– Sí, tú. Y no me vengas con el cuento de que sabes todo eso acerca de Glauser-Róist porque la Iglesia es una gran familia donde todo se comenta.
– ¡Hombre, eso también es cierto! Los que estamos dentro de la Iglesia, ocupando determinados puestos, lo sabemos todo de casi todo.

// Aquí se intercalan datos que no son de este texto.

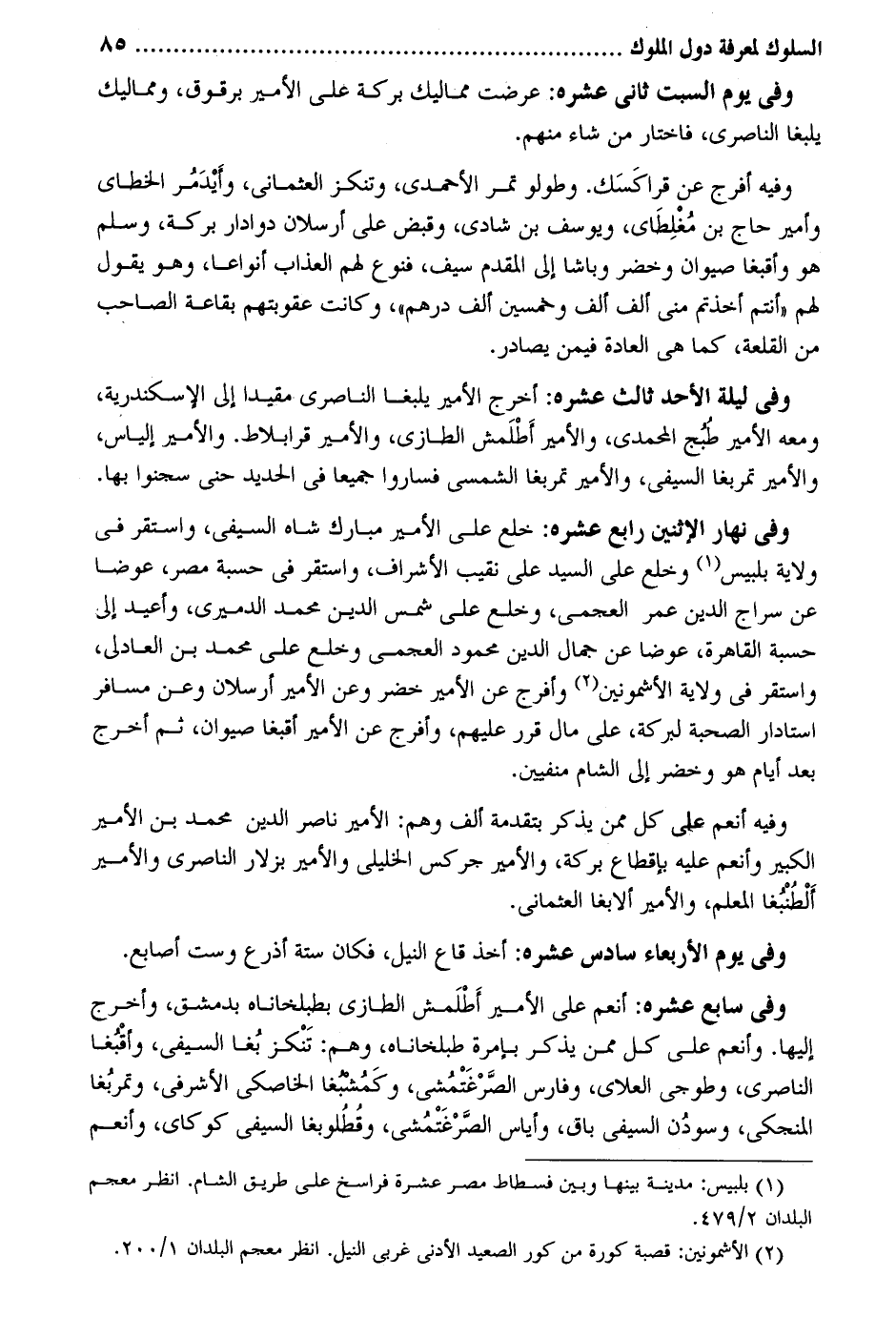 وَفِي يَوْم السبت ثَانِي عشره: عرضت مماليك بركَة على الْأَمِير برقوق ومماليك يلبغا الناصري فَاخْتَارَ من شَاءَ مِنْهُم. وَفِيه أفرج عَن قراكَسَك. وطولو تمر الأحمدي وتنكز العثماني وأَيْدَمُر الخطاي وأمير حَاج بن مُغْلِطَاي ويوسف بن شادي وَقبض على أرسلان دوادار بركَة وَسلم هُوَ وأقبغا صيوان وخضر وباشا إِلَى الْمُقدم سيف فنوع لَهُم الْعَذَاب أنواعا وَهُوَ يَقُول لَهُم أَنْتُم أَخَذْتُم مني ألف ألف وَخمسين ألف دِرْهَم وَكَانَت عقوبتهم بقاعة الصاحب من القلعة كَمَا هِيَ الْعَادة فِيمَن يصادر. وَفِي لَيْلَة الْأَحَد ثَالِث عشره: أخرج الْأَمِير يلبغا الناصري مُقَيّدا إِلَى الْإسْكَنْدَريَّة وَمَعَهُ الْأَمِير طُبُج المحمدي والأمير أَطْلَمش الطازي والأمير قرابلاط. والأمير إلْيَاس والأمير تمربغا السيفي والأمير تمربغا الشمسي فَسَارُوا جَمِيعًا فِي الْحَدِيد حَتَّى سجنوا بهَا. وَفِي نَهَار الْإِثْنَيْنِ رَابِع عشره: خلع على الْأَمِير مبارك شاه السيفي وَاسْتقر فِي ولَايَة بلبيس وخلع على السَّيِّد على نقيب الْأَشْرَاف وَاسْتقر فِي حسبَة مصر عوضا عَن سراج الدّين عمر العجمي وخلع على شمس الدّين مُحَمَّد الدَّمِيرِيّ وأعيد إِلَى حسبَة الْقَاهِرَة عوضا عَن جمال الدّين مَحْمُود العجمي وخلع على مُحَمَّد بن العادلي وَاسْتقر فِي ولَايَة الأشمونين وَأَفْرج عَن الْأَمِير خضر وَعَن الْأَمِير أرسلان وَعَن مُسَافر استادار الصُّحْبَة لبركة على مَال قرر عَلَيْهِم وَأَفْرج عَن الْأَمِير أقبغا صيوان ثمَّ أخرج بعد أَيَّام هُوَ وخضر إِلَى الشَّام منفيين. وَفِيه أنعم على كل مِمَّن يذكر بتقدمة ألف وهم: الْأَمِير نَاصِر الدّين مُحَمَّد بن الْأَمِير الْكَبِير وأنعم عَلَيْهِ بإقطاع بركَة والأمير جركس الخليلي والأمير بزلار الناصري والأمير أَلْطنبُغا الْمعلم والأمير ألابغا العثماني. وَفِي يَوْم الْأَرْبَعَاء سادس عشره: أَخذ قاع النّيل فَكَانَ سِتَّة أَذْرع وست أَصَابِع. وَفِي سَابِع عشره: أنعم على الْأَمِير أَطْلَمش الطازي بطبلخاناه بِدِمَشْق وَأخرج إِلَيْهَا. وأنعم على كل مِمَّن يذكر بإمرة طبلخاناه وهم: تَنْكز بُغا السيفي وأقبُغا الناصري وطوجي العلاي وَفَارِس الصَّرْغَتْمُشى وكَمُشبغا الخاصكي الأشرفي وتمربُغا المنجكي وسودُن السيفي بَاقٍ وأياس الصَّرْغَتْمُشي وقُطُلوبغا السيفي كوكاي وأنعم
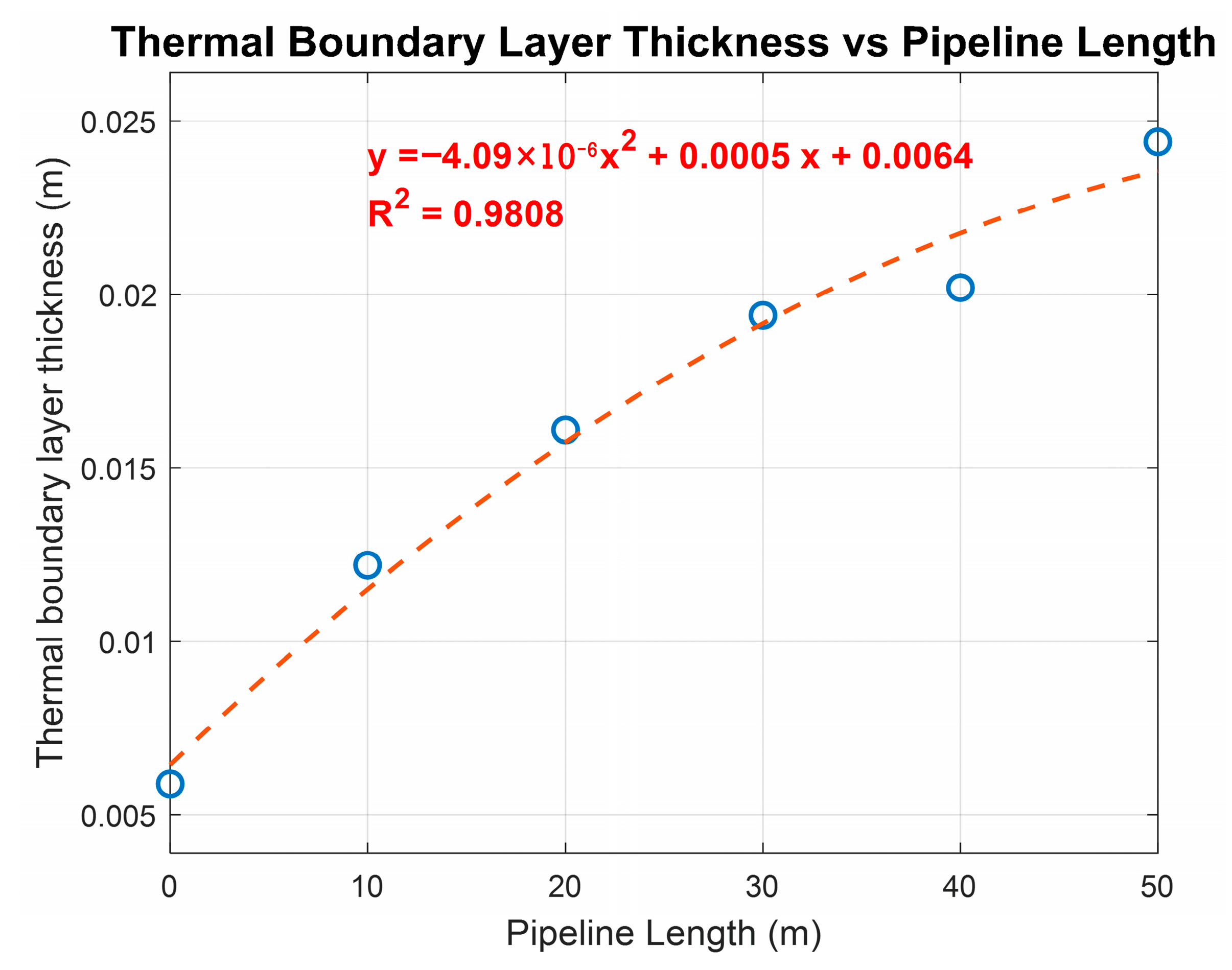 Figure 10, the relationship between the thermal boundary layer thickness and the pipeline length transporting the heavy crude oil, which is losing heat to the environment, can be observed. A second-degree polynomial fit is shown along with the coefficient of determination.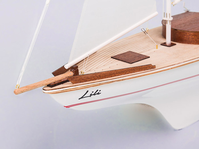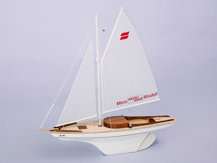 The Lili sailing boat is built on a deep-drawn plastic hull with precise laser-cut wooden parts (mahogany, birch).

– Puede ser -murmuré mecánicamente, mirando las lejanas nucas de Murphy Clark, la Roca y Farag-; pero a mí no me engañas. Tú has tenido algún problema con el capitán Glauser-Róist y me lo vas a contar ahora mismo.
Mi hermano soltó una carcajada. Un rayo de sol, que se afiló al pasar entre dos nubes, le iluminó directamente la cara.
– ¿Y por qué tendría que contarte nada, pequeña Ottavia? ¿Qué podría impulsarme a confesarte pecados que no se pueden revelar y, mucho menos, a una hermana pequeña?
Le miré friamente, con una sonrisa artificial en los labios.
– Porque, si no lo haces, me voy ahora mismo con Glauser-Róist, le cuento todo lo que me has dicho y le pido que me lo explique él.
– No lo haría -replicó muy ufano. En serio que no le pegaba nada el humilde hábito franciscano-. Un hombre como él jamás hablaría de este tipo de asuntos.
– ¿Ah, no…? -Si él estaba jugando fuerte, yo podía ser mucho más fanfarrona-. ¡Capitán! ¡Eh, capitán!
La Roca y Farag se volvieron a mirarme. El padre Murphy giró su inmensa barriga un poco más tarde.
– ¡Capitán! ¿Puede venir un momento?
Pierantonio se había puesto lívido.
– Te lo contaré -masculló viendo que Glauser-Róist retrocedía para acercarse hasta nosotros-. ¡Te lo contaré, pero dile que no venga!
– ¡Capitán, perdóneme, me he equivocado! ¡Siga adelante, siga! -Y le hice un gesto con la mano indicándole que volviera con los otros.
La Roca se detuvo, me observó detenidamente y luego giró y continuó adelante. Un extraño grupo de seis o siete mujeres vestidas íntegramente de negro nos empujó hacia un lado y nos adelantó. Iban cubiertas con un largo manto que las envolvía desde el cuello hasta los pies y, en la cabeza, llevaban un curioso tocado, una especie de minúsculo sombrerito redondo, caído sobre la frente, que sujetaban con un pañuelo atado alrededor de la cabeza. Por su aspecto, deduje que debían de ser monjas ortodoxas, aunque no pude adivinar a qué Iglesia pertenecían. Lo curioso fue que, casi inmediatamente, nos sobrepasó otro grupo semejante, aunque sin sombrerito y con largos cirios de cera amarilla entre las manos.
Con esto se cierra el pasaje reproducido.